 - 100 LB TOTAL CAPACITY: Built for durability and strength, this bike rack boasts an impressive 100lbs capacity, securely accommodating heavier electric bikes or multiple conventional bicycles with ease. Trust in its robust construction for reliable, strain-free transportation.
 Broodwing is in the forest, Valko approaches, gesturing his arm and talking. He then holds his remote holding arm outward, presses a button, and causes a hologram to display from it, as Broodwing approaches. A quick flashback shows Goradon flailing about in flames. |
* * *
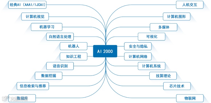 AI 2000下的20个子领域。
--
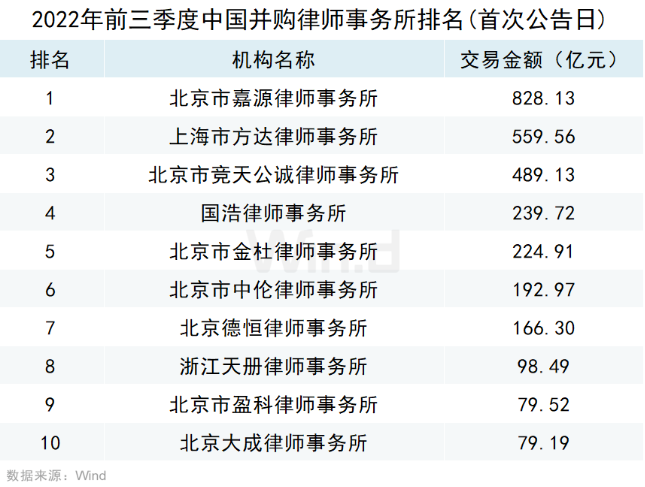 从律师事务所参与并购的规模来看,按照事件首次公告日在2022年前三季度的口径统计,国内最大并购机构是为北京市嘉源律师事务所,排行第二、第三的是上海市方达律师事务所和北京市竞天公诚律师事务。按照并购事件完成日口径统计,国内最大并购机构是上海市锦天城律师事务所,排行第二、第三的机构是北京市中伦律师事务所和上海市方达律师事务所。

> WORK REQUIRED
Above are the entries. Output exactly the lines beginning with the line that has "- 100 LB TOTAL" and ending with the line that has "Broodwing is in".

> ANSWER TO THE EXERCISE
 - 100 LB TOTAL CAPACITY: Built for durability and strength, this bike rack boasts an impressive 100lbs capacity, securely accommodating heavier electric bikes or multiple conventional bicycles with ease. Trust in its robust construction for reliable, strain-free transportation.
 Broodwing is in the forest, Valko approaches, gesturing his arm and talking. He then holds his remote holding arm outward, presses a button, and causes a hologram to display from it, as Broodwing approaches. A quick flashback shows Goradon flailing about in flames. |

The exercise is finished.